The first, some would say best, an item much discussed in our grammar school educations, was the Rosetta Stone. It hails from the Ptolemaic periid, 196 B.C. That's B.C.! The deciphering of the hieroglyphs was a landmark in human history to match perhaps its very existence.
Such historical manifestations tend to loom large in a child's mind, and in the mind of the adult she becomes. It was the very first thing I saw at the Museum. I knew it was important. And yet, I was somehow rather banally sad that it was so small and the writing so apparently tight and faint. And yet, Djinn, there you were standing in front of the Rosetta Stone! You have to be, I was, mesmerized.
Why did I take a picture of the things I did? I don't know. They spoke to me. Look at this statue. I am reminded of the poem Ozymandias, by Shelley, and the proud voice of a pharaoh, who expected to be remembered for all time, but whose memorial was covered over by the sands of the desert so that he was forgotten. One can build all the monuments one wants, but we remain fragile and mortal. The things we build may speak to other generations of greatness even as the names of the builders resonate not at all. An interesting irony.
And yet, whether I know the builder or not, I feel a connection to him, to them. And in there is a legacy of sorts. An immortality on earth whether you believe in one elsewhere.
For me, though, the artifacts of Christianity, strengthened my faith. Things so close to the beginning of that faith as to make it seem impossible to me that it could not be true.
This is a fourth century (300 something) representation of a clean shaven Christ, which makes it interesting enough.
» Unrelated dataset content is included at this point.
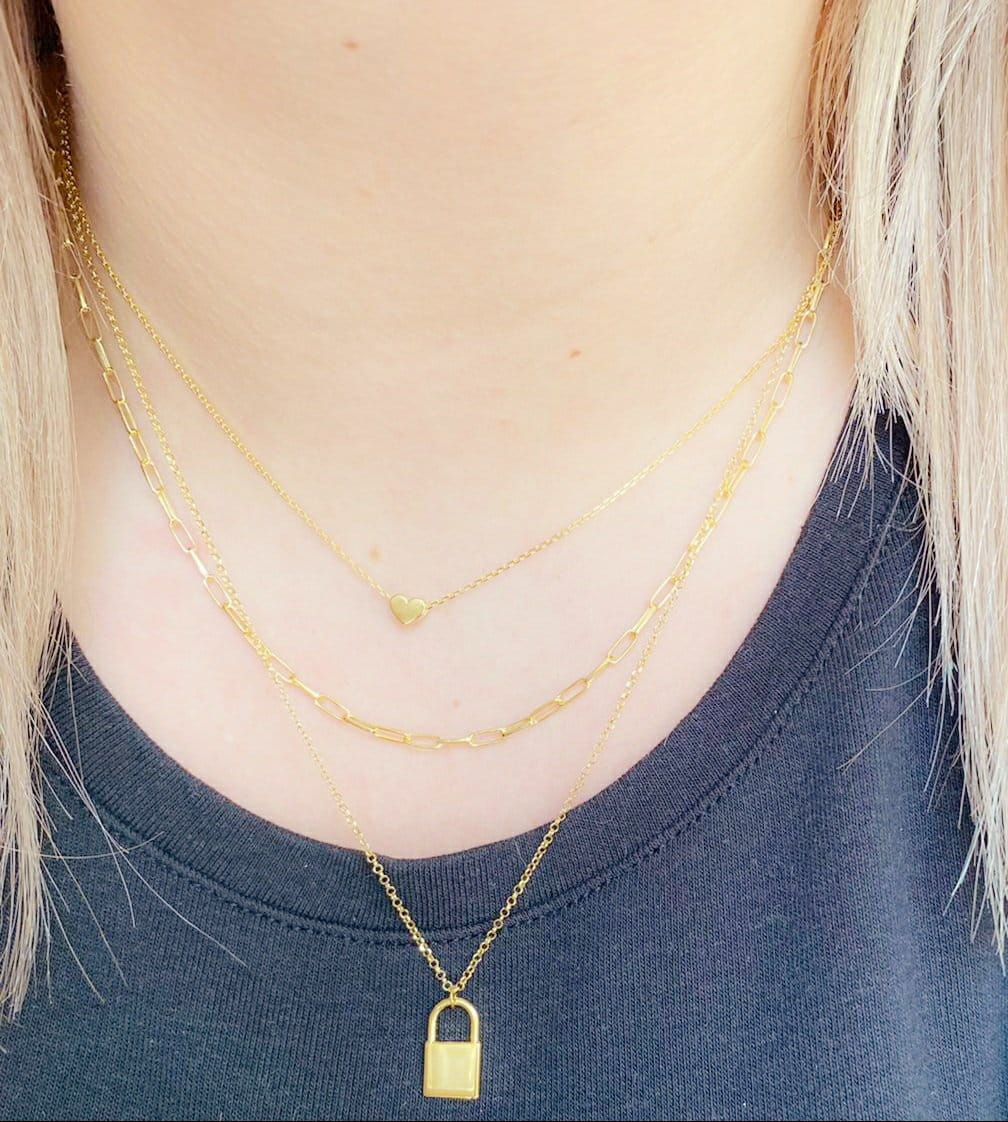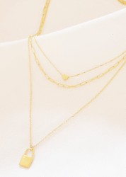 Naszyjnik srebrny POTRÓJNY Z SERCEM I KŁÓDKĄ - pozłacany
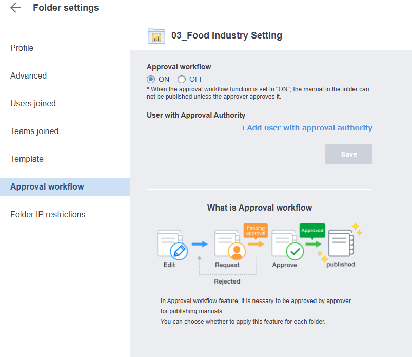 Bật/Tắt và cấu hình cài đặt quy trình phê duyệt.

But this was a time when the Church Fathers were writing of a faith that was sweeping the known world. That which has lasted two thousand years despite human and superhuman (you know, le diablo) efforts to destroy it.
Here is something that intrigued me. What does it look like to you?
A primitive ironing board? A divan? No, if I read it right, it is an 11,000 year old item that changed mankind from a nomadic life to a settled farming one. It grinds wheat into flour. The longer side (left) was braced against the knee of the woman (yes, always a woman) who used a stone like the one on top of it to move her hand up and down until the wheat was a powder. You can see the indentation in the center. Something so ordinary and something so dramatic.
There were crucifixes and crosses of gold.
Royal cups.
No, this isn't Shakespeare. Looks like him though.
Bronze or something heads of emperors, this one Claudius.
And of course, what would ancient times be without a cat, or modern times for that matter.
When I was a child, my Aunt Kathleen used to take me and my cousins to various New York museums. She loved to walk. At the time, I didn't. By the time we got to the museums, my feet would always be hurting--or maybe my shoes weren't made for the exertion. I was reminded of those times after my rambling through the British Museum. Oh, now I like to walk. But still my feet were hurting from all the standing and looking.
I was ready for a little something, something of a drink and lunch. Happily, on the top floor of the Museum, there was a lovely indoor cafe that had the light and air of an outdoor one.
And nibble I did, on a platter of Devon Blue Cheese and marinated artichokes, and of course, a nice glass of white wine.
There was the search for souvenirs to top off the first full day of my visit to London and its environs. And when I walked back to my room, I realized that I had been out for hours and hours, although it was still afternoon. The lag had caught up to me and I fell to my bed, grateful for my first day.